Since coming to Peniel, I have chosen to believe the word of God, which states,

“For I know the plans I have for you,” declares the Lord, “plans to prosper you, and not to harm you, plans to give you hope and a future. Then you will call on me and come and pray to me, and I will listen to you. You will seek me and find me when you seek me with all your heart. I will be found by you,” declares the Lord, “and will bring you back from captivity”
(Jeremiah 29:11-14 NIV).

After dedicating my life to the Lord, amid questioning and much concern, I enrolled into Lee University, one of the online college programs available at Peniel. For the first time ever, I was about to step out of my comfort zone, therefore, I prayed daily for wisdom and understanding.

Shortly after completing an English Writing assignment, my professor who is a true blessing, pushed me to have the essay published in the Church of God Evangel, a national monthly magazine. Although I believed this would be a complicated undertaking, I invested into making the publication a reality. Everything quickly fell into place and my essay will be published in this year’s November issue. I still do not understand why this is happening. To me it’s just a simple writing assignment but God has His plans for it. Seeing that I have the ability to achieve the impossible or unattainable has established God confidence within me. Having the Evangel publish my work is a tremendous accomplishment for me, and with the help of my Abba, I believe it is one of many more to come.

It wasn’t the Evangel itself that shattered all doubts but God! He has proven himself many times over, displaying His unconditional and incomprehensible love for me. This has fixed my heart on Him and my life will never be the same. When all I could see was the worst in me, He saw the best. When everyone in my life gave up on me, He never did.

I will always remember December 7, 2014, the day I saw God face to face.

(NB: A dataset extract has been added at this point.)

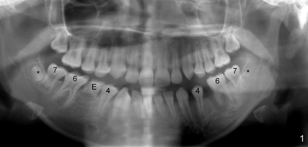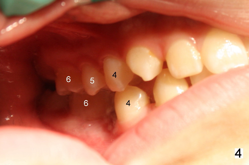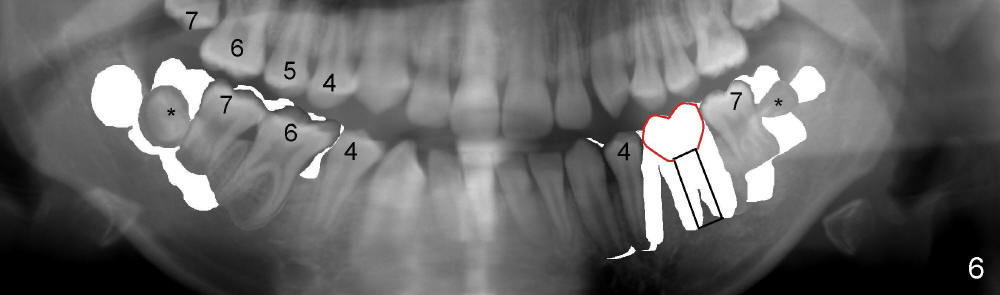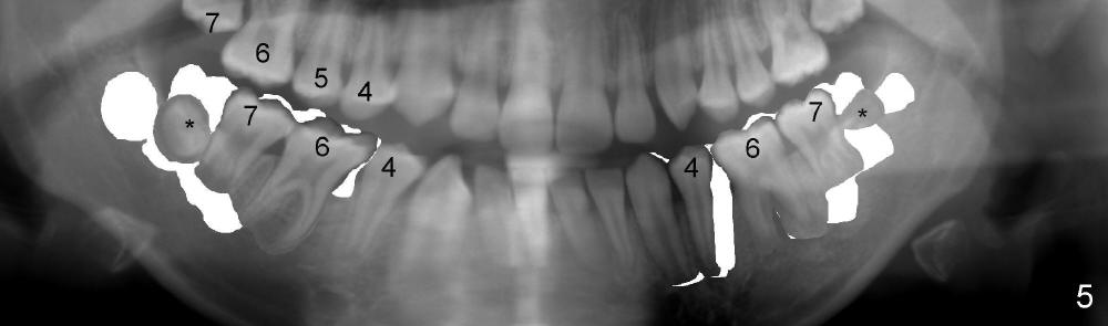 If RCT is successful for the lower left 1st molar, the lower right E is to be extracted. All of the lower molars (including the third molars (Fig.5 *) will be moved mesially so that the final molar occlusion is Class III bilaterally. This is Plan A.

I was changed forever by this intimate experience. I am no longer a slave to my anger or my addiction. Relationships have been restored as well as my own life. I now believe in myself and I boldly stand sold out for Jesus Christ.

Through Peniel I was afforded the opportunity to enroll at Lee University and begin my journey of living out my dream as a medical professional. I am now pursuing a degree in radiology and without Peniel none of this would have been possible. Peniel is the best tool belt for someone who is exhausted and broken due to addiction. Peniel has established a profound change within me. A change that has truly saved my life. Today, I stand proud of who I am and I look forward to my future when before I couldn’t see past myself. God has begun a work in me I cannot yet put into words; all I can say is that I am an unfinished comeback story!